In conclusion, the invention provides the rapid wing dismounting and mounting mechanism for the unmanned aerial vehicle, which adopts a trapezoidal lead screw structure, and the trapezoidal lead screw acts to respectively drive a lead screw sleeve, a connecting rod, a sliding block assembly and a locking rod group to act so as to realize the separation or connection of the locking rod group and a fuselage joint and a wing joint, so that the mode has the advantages of simple operation, large acting force, easy realization and short consumed time; meanwhile, the self-locking characteristic of the trapezoidal lead screw is utilized, and the anti-loosening effect can be achieved after the wing joint and the body joint are connected.

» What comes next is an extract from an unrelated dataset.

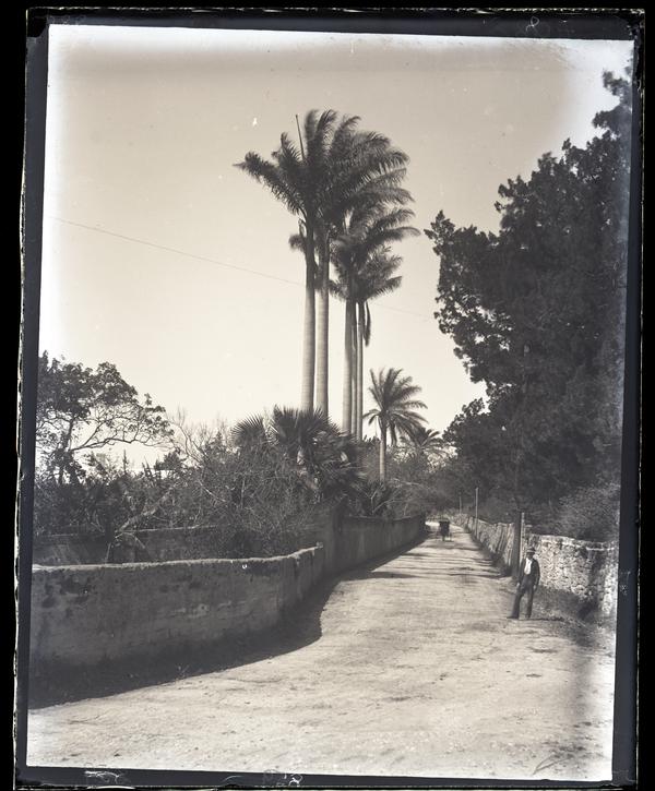 Glass negative showing a dirt road with stone walls on either side. Tall palm trees tower over the road in the distance. A man stands in the foreground and a hores drawn carriage drives down the road in the background.

Therefore, compared with the prior art, the rapid wing dismounting and mounting mechanism for the unmanned aerial vehicle, provided by the invention, not only can meet the use requirement of connecting the wing body of the unmanned aerial vehicle, but also can realize rapid wing dismounting and mounting, shorten the technical preparation time and improve the ground preparation efficiency of the unmanned aerial vehicle.

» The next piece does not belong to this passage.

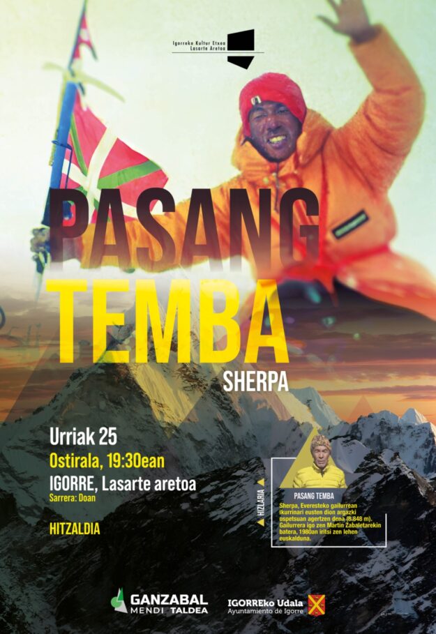 HITZALDIA: PASANG TEMBA SHERPA (Sherpa, Everesteko gailurrean ikurrinari eusten dion argazki ospetsuan agertzen dena (8.848 m). Gailurrera igo zen Martin Zabaletarekin batera, 1980an iritsi zen lehen euskalduna. Igorreko Lasarte aretoan arrastiko 19:30an (sarrera doan).

In the description of the present invention, it is to be understood that the orientation or positional relationship indicated by the orientation words such as "front, rear, upper, lower, left, right", "lateral, vertical, horizontal" and "top, bottom", etc. are usually based on the orientation or positional relationship shown in the drawings, and are only for convenience of description and simplicity of description, and in the case of not making a reverse description, these orientation words do not indicate and imply that the device or element being referred to must have a specific orientation or be constructed and operated in a specific orientation, and therefore, should not be considered as limiting the scope of the present invention; the terms "inner and outer" refer to the inner and outer relative to the profile of the respective component itself.

Spatially relative terms, such as "above … …," "above … …," "above … …," "above," and the like, may be used herein for ease of description to describe one device or feature's spatial relationship to another device or feature as illustrated in the figures. It will be understood that the spatially relative terms are intended to encompass different orientations of the device in use or operation in addition to the orientation depicted in the figures. For example, if a device in the figures is turned over, devices described as "above" or "on" other devices or configurations would then be oriented "below" or "under" the other devices or configurations. Thus, the exemplary term "above … …" can include both an orientation of "above … …" and "below … …". The device may be otherwise variously oriented (rotated 90 degrees or at other orientations) and the spatially relative descriptors used herein interpreted accordingly.

It should be noted that the terms "first", "second", and the like are used to define the components, and are only used for convenience of distinguishing the corresponding components, and the terms have no special meanings unless otherwise stated, and therefore, the scope of the present invention should not be construed as being limited.

The above description is only a preferred embodiment of the present invention and is not intended to limit the present invention, and various modifications and changes may be made by those skilled in the art. Any modification, equivalent replacement, or improvement made within the spirit and principle of the present invention should be included in the protection scope of the present invention.